• Instructions for the task: Once the line with "此时供应商审核状态在显示时就" is reached, output it and every line after it, exactly, through the end of the records below. Pictures are skipped.

- - - - - - -

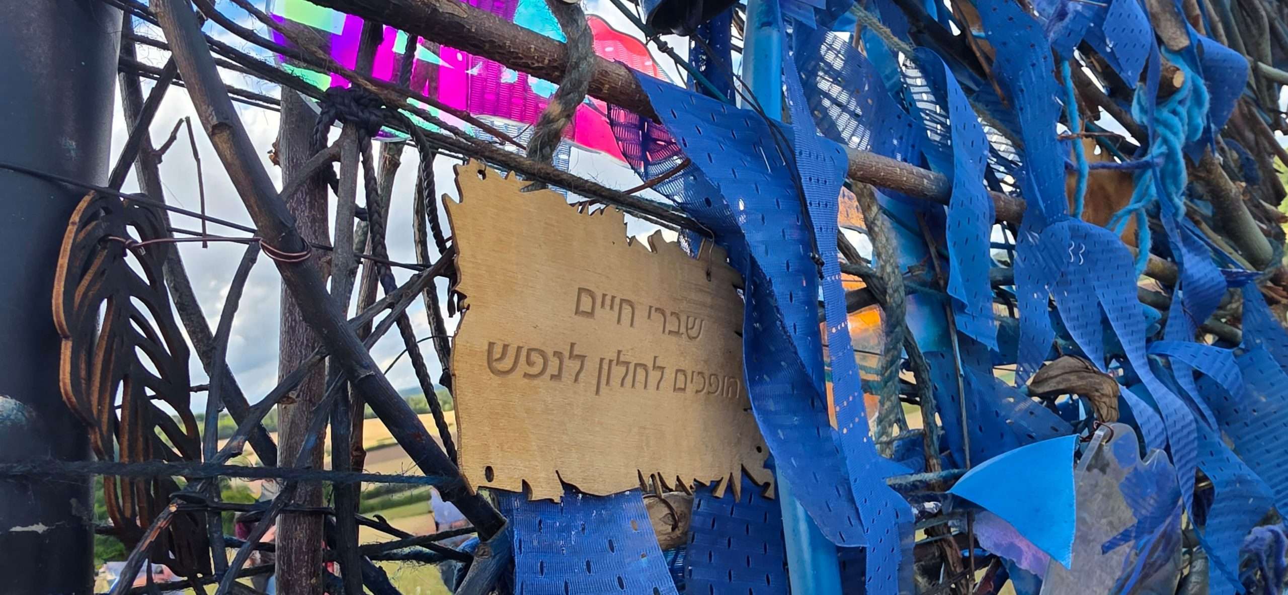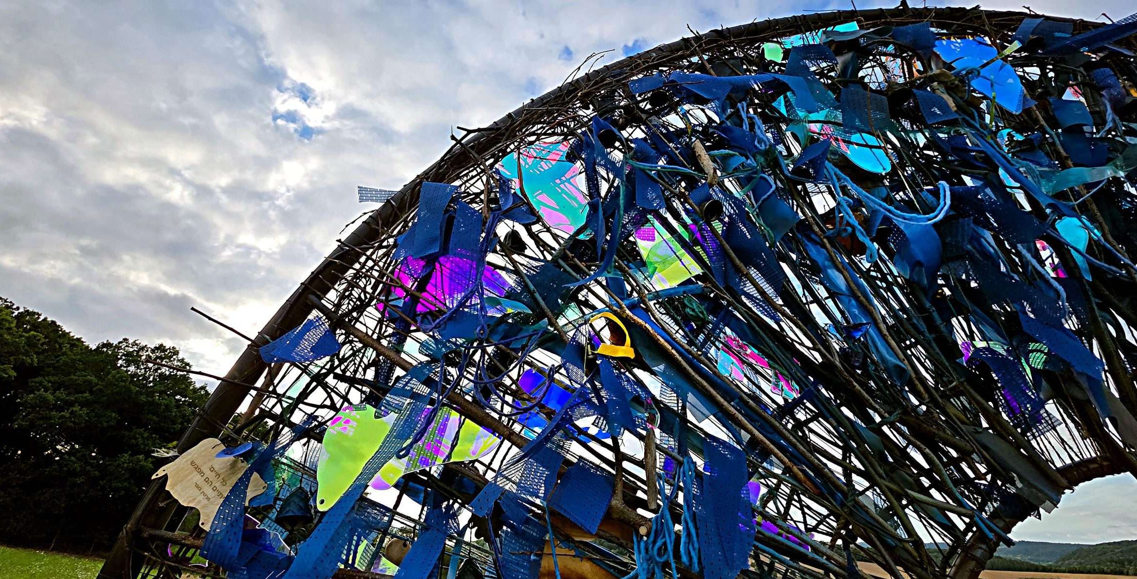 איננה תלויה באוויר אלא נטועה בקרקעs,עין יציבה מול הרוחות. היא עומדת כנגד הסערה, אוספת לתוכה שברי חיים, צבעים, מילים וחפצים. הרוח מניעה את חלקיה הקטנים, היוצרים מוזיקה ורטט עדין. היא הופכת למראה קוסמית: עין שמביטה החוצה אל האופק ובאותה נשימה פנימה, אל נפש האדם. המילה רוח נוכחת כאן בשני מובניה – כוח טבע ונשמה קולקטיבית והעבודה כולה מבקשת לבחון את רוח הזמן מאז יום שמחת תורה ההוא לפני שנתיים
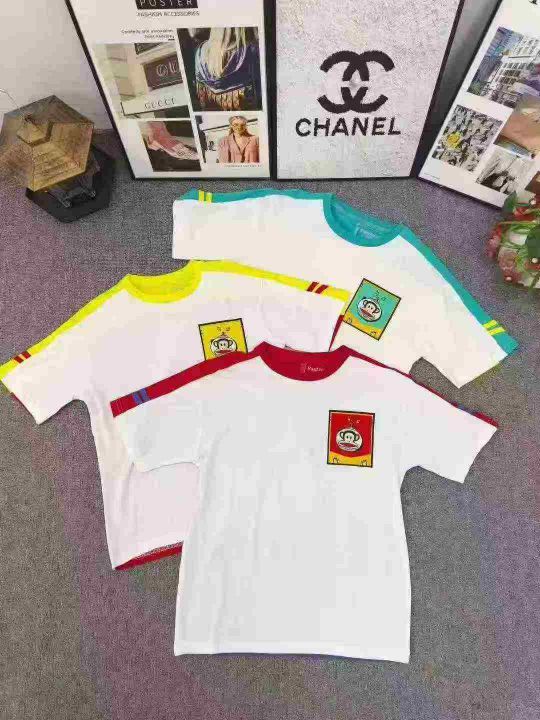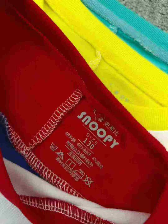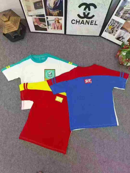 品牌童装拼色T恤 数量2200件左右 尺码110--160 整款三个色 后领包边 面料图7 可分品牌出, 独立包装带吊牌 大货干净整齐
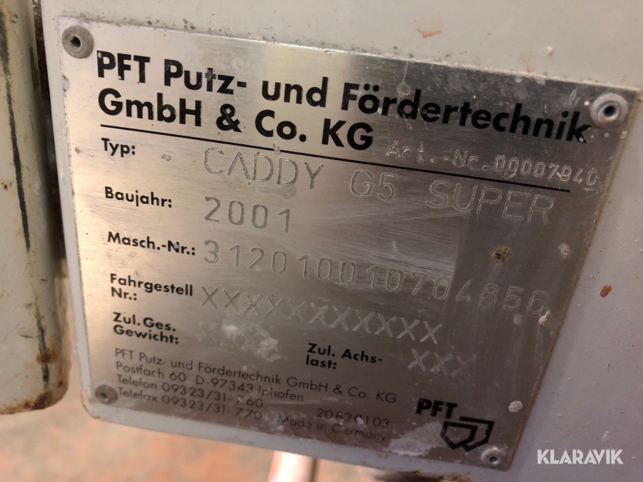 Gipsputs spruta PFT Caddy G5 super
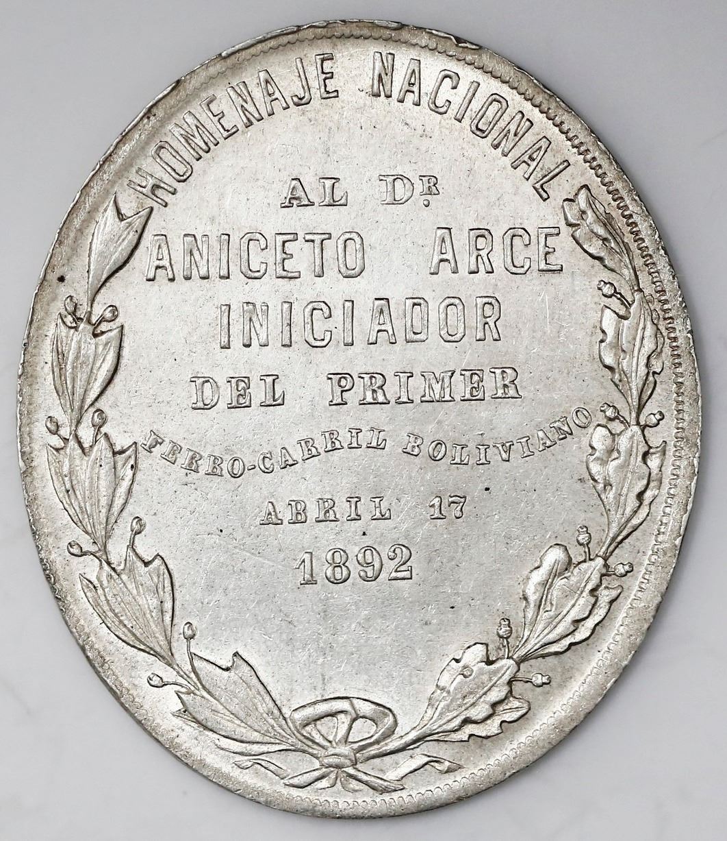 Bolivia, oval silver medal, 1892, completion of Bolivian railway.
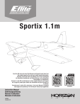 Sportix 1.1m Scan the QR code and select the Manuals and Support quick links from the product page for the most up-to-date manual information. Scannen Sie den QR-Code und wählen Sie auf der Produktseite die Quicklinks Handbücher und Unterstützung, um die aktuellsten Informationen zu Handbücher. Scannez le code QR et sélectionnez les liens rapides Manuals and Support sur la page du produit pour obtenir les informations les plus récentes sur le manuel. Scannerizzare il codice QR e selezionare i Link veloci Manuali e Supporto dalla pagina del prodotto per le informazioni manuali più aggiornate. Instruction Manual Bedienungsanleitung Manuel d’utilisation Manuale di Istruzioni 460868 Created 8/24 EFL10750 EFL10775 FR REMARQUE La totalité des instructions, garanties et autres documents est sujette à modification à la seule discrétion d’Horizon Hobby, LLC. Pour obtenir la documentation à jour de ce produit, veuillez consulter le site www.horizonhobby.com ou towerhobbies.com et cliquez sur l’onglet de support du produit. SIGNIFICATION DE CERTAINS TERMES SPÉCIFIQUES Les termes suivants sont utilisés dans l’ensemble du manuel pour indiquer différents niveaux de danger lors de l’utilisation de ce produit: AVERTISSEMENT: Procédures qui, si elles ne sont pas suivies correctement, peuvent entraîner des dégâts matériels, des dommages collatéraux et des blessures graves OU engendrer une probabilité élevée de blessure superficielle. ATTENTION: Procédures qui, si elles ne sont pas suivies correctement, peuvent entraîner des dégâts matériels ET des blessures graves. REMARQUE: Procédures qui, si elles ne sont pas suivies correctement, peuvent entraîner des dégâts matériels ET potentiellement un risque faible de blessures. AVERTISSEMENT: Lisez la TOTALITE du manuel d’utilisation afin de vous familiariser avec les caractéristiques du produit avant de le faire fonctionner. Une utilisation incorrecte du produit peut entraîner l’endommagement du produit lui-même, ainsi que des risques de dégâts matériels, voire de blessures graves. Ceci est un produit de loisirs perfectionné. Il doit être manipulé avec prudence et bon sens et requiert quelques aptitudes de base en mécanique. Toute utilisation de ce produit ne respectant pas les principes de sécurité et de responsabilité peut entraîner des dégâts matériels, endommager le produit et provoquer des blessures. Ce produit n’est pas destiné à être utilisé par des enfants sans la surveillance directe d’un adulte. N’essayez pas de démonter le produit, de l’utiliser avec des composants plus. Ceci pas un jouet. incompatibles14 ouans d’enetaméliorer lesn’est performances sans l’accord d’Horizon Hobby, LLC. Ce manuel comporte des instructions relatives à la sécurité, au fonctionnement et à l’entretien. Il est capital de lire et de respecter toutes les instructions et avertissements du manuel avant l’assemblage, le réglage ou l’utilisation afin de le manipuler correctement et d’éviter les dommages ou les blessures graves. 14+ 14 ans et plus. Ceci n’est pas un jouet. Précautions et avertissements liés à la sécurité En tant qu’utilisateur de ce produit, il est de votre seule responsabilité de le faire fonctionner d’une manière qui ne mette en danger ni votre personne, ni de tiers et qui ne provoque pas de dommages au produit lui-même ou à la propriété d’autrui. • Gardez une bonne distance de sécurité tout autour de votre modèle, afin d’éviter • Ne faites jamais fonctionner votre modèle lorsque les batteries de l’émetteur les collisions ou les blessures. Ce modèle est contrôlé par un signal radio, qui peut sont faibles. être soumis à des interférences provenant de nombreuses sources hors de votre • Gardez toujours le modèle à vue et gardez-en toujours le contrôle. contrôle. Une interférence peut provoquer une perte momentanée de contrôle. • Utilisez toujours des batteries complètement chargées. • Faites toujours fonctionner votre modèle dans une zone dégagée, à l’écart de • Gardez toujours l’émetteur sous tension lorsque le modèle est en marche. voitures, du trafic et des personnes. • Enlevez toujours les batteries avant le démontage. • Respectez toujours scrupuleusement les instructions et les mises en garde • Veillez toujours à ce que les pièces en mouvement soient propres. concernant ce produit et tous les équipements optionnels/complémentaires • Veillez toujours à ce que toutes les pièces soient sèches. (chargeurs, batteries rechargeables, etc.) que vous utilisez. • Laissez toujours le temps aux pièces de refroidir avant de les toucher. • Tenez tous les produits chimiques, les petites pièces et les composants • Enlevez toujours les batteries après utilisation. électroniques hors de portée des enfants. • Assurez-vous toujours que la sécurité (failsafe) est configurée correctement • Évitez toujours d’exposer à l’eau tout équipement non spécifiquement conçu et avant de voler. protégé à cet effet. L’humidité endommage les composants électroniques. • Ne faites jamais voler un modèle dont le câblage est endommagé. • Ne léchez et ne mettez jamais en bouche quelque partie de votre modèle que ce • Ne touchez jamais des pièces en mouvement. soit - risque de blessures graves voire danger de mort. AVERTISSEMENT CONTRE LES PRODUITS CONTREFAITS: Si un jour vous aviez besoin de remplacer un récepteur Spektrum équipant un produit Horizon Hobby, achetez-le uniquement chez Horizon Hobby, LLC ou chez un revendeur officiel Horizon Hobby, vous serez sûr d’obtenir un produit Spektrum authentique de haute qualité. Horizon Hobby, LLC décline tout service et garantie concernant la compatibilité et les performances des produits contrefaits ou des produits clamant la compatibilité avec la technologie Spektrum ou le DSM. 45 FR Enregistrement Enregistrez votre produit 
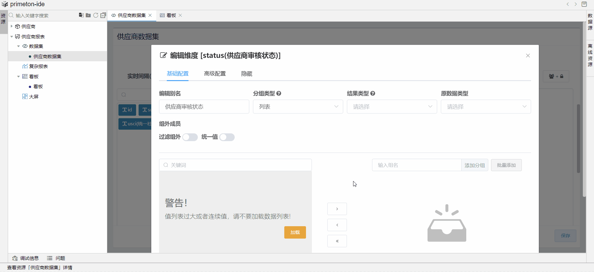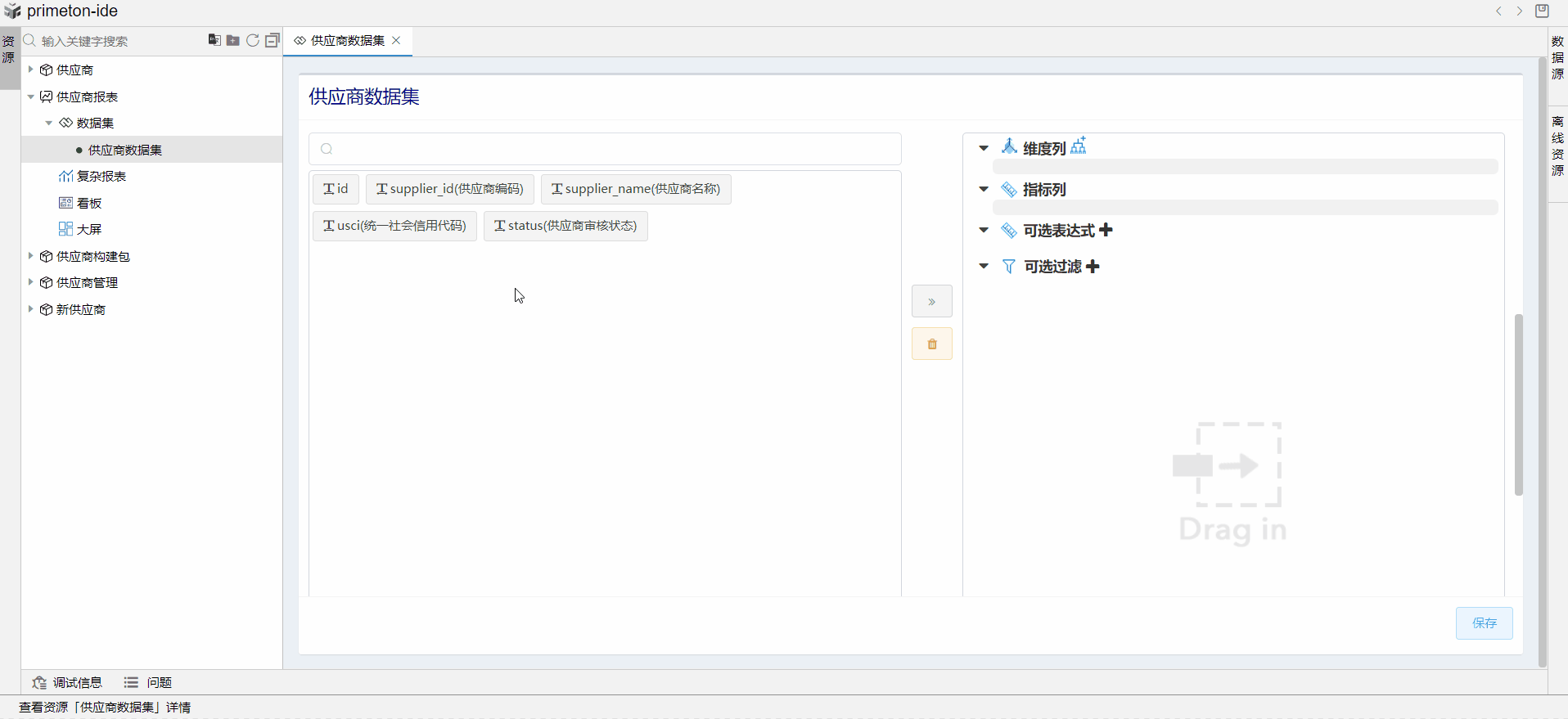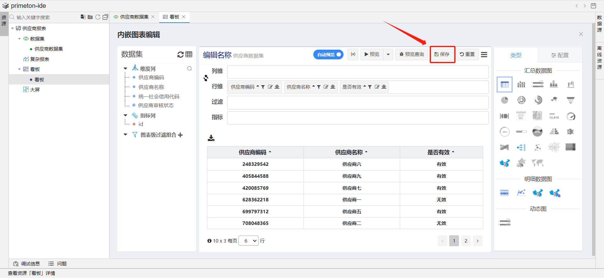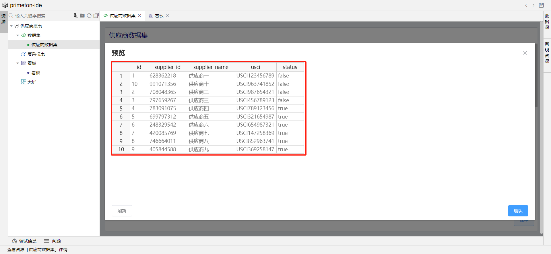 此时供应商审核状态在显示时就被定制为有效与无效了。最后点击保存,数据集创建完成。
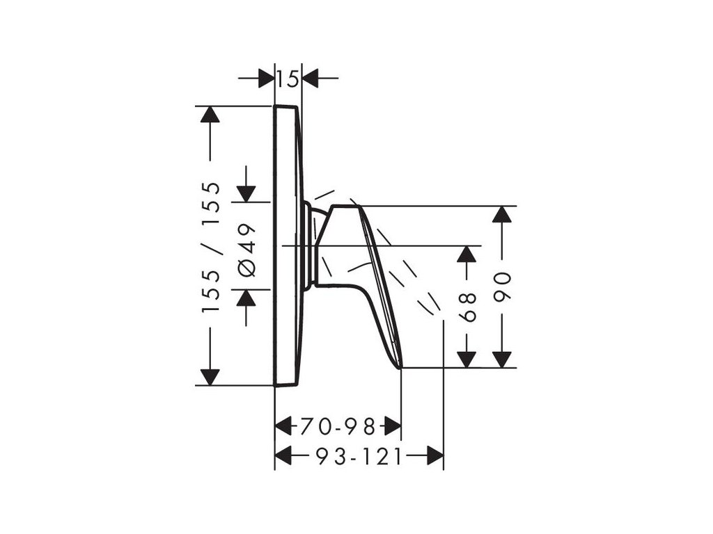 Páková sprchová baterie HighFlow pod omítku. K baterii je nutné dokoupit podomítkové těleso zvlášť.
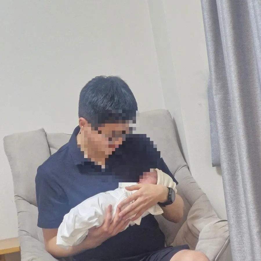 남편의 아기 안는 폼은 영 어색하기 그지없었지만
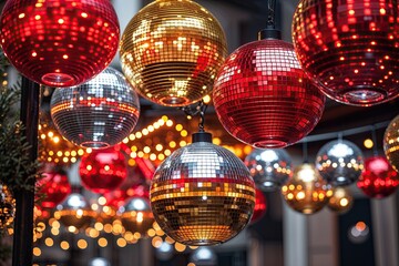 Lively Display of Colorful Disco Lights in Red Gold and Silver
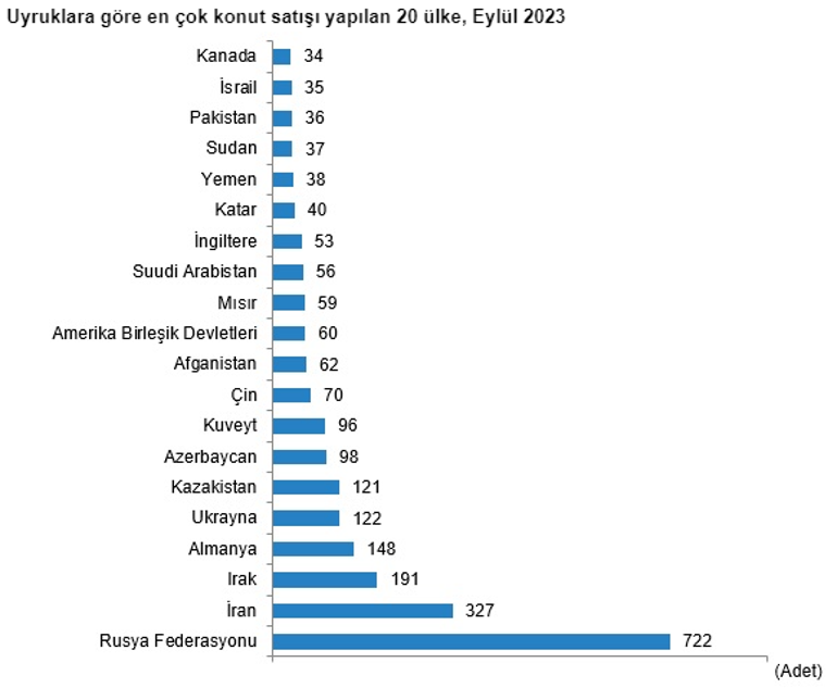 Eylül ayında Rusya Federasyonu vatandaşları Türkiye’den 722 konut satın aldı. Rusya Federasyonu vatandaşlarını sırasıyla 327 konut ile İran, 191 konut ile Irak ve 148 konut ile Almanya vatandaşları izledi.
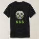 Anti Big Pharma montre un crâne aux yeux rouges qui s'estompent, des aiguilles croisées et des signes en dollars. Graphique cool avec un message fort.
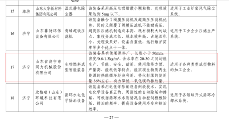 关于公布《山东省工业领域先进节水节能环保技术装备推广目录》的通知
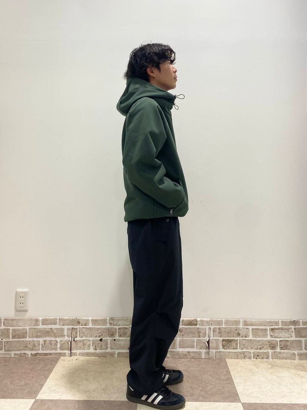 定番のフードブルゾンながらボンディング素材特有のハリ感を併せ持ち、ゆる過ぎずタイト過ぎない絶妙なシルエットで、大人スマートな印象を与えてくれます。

- - - - - - -

• Task output:
 此时供应商审核状态在显示时就被定制为有效与无效了。最后点击保存,数据集创建完成。
 Páková sprchová baterie HighFlow pod omítku. K baterii je nutné dokoupit podomítkové těleso zvlášť.
 남편의 아기 안는 폼은 영 어색하기 그지없었지만
 Lively Display of Colorful Disco Lights in Red Gold and Silver
 Eylül ayında Rusya Federasyonu vatandaşları Türkiye’den 722 konut satın aldı. Rusya Federasyonu vatandaşlarını sırasıyla 327 konut ile İran, 191 konut ile Irak ve 148 konut ile Almanya vatandaşları izledi.
 Anti Big Pharma montre un crâne aux yeux rouges qui s'estompent, des aiguilles croisées et des signes en dollars. Graphique cool avec un message fort.
 关于公布《山东省工业领域先进节水节能环保技术装备推广目录》的通知
 定番のフードブルゾンながらボンディング素材特有のハリ感を併せ持ち、ゆる過ぎずタイト過ぎない絶妙なシルエットで、大人スマートな印象を与えてくれます。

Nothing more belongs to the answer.